- Hyperliquid’s HIP-6 proposal promotes permissionless launches of tokens through continuous clearing auctions for projects to raise money and discover fair prices.
- The proposal turns Hyperliquid into a protocol that allows users to launch, price and trade tokens completely onchain.
The Hyperliquid community is pushing for a new improvement proposal that would allow teams to raise money through continuous clearing auctions.
The new proposal, known as HIP-6, is built around HIP-1, which introduced permissionless token deployment, and HIP-2, which provides automated liquidity, known in the ecosystem as Hyperliquidity. However, the network lacks a direct way to combine a price discovery and capital raising mechanism. Currently, teams raise money off-chain, guess a fixed on-chain launch price, or manually seed liquidity into thin books.
HIP-6 proposal on hyperfluid
TL; DR:
HIP-6 is a community proposal for permissionless token launches on Hyperliquid via Continuous Clearing Auctions (CCA), allowing projects to raise USDH funds, discover fair prices over ~1 week, and automatically seed 20-100% returns into HIP-2… https://t.co/ATMC6mlpf6— Hyperliquid Daily (@HYPERDailyTK) February 27, 2026
According to an analysis by James Evans of Reciprocal Ventures, HIP-6 adapts Uniswap’s Continuous Clearing Auction (CCA) feature and integrates it into Hyperliquid’s architecture designed around the network’s central limit order book (CLOB). Unlike Uniswap and its ilk that use automated market makers, Hyperliquid is built on a fully onchain order book and matches orders onchain.
As CNF previously reported, Uniswap recently introduced this feature in Arbitrum One for onchain token auctions.
CCA distributes auctions across thousands of blocks, gradually releasing tokens per block and releasing each block at a uniform price. This avoids selling at a fixed price, which could be too low and the project would lose the difference, or too high and the sale would fail. It also ends unlimited sales where a project continued to raise funds beyond its intended purpose because there was no mechanism to stop it.
HIP-6 extends hyperliquid beyond trading
HIP-6 enables implementers to raise capital through Hyperliquid, automatically generate liquidity, discover fair prices, and reduce dependence on third parties. One of the trade-offs is that they have less control over the price of their tokens at launch.

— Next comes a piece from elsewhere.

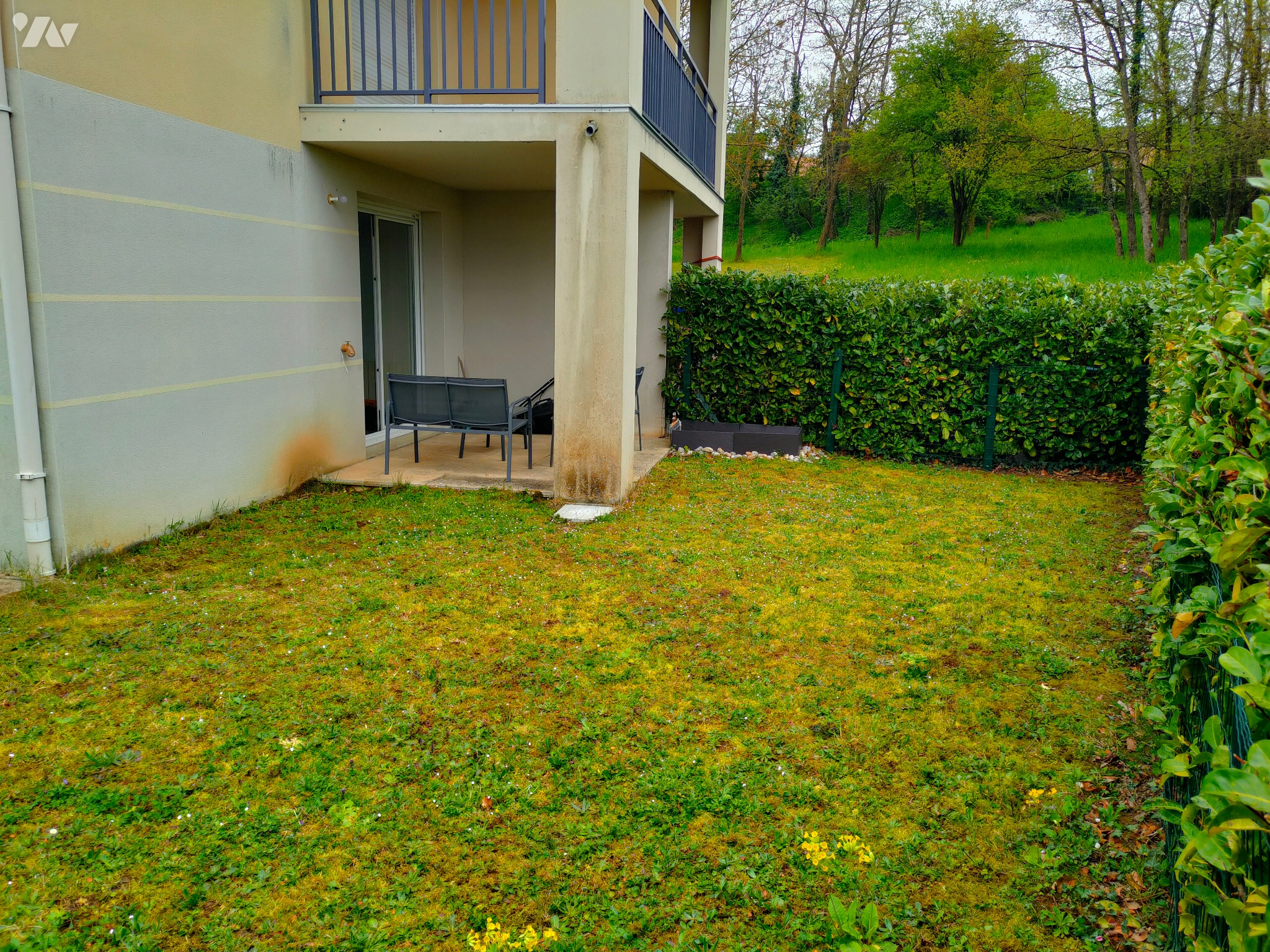 VAULX MILIEU- Résidence sécurisée - Un appartement meublé de type 2 situé en rez-de-jardin comprenant : séjour/cuisine, une chambre, une salle de bains- WC, un jardin de 66 M² et une terrasse de 7,55 M².

For bidders, HIP-6 offers a uniform clearing price for each block, onchain custody, and an advantage for those who join early as their capital is spread across more blocks. Because the system is ‘monotonic non-decreasing’, meaning prices can only increase with each new block, early participants benefit from better capital distribution.
The entire ecosystem benefits from a 5% protocol fee on the total amount raised, which goes to the Assistance Fund that supports the growth of the ecosystem and strengthens liquidity.
A major disadvantage of HIP-6 is manipulation by the implementer, where they can inflate the clearing price and reclaim unsold tokens. To address this, the protocol has imposed a 5% fee and structured the system to permanently lock a percentage of tokens for HIP-2 seeding. While manipulation is not impossible, it would be economically damaging.
Hyperliquid is already the most dominant derivatives exchange in crypto for perpetual futures, handling a third of the industry’s $600 billion volume in January. However, its scope is limited and the company is missing out on billions of dollars that some of its peers process at fundraising events.
HIP-6 turns it from a pure trading platform into a protocol where users can launch, price and trade tokens completely onchain.
$HYPE acts at $28.13 to lose 2.3% in the past day for a market cap of $7.28 billion.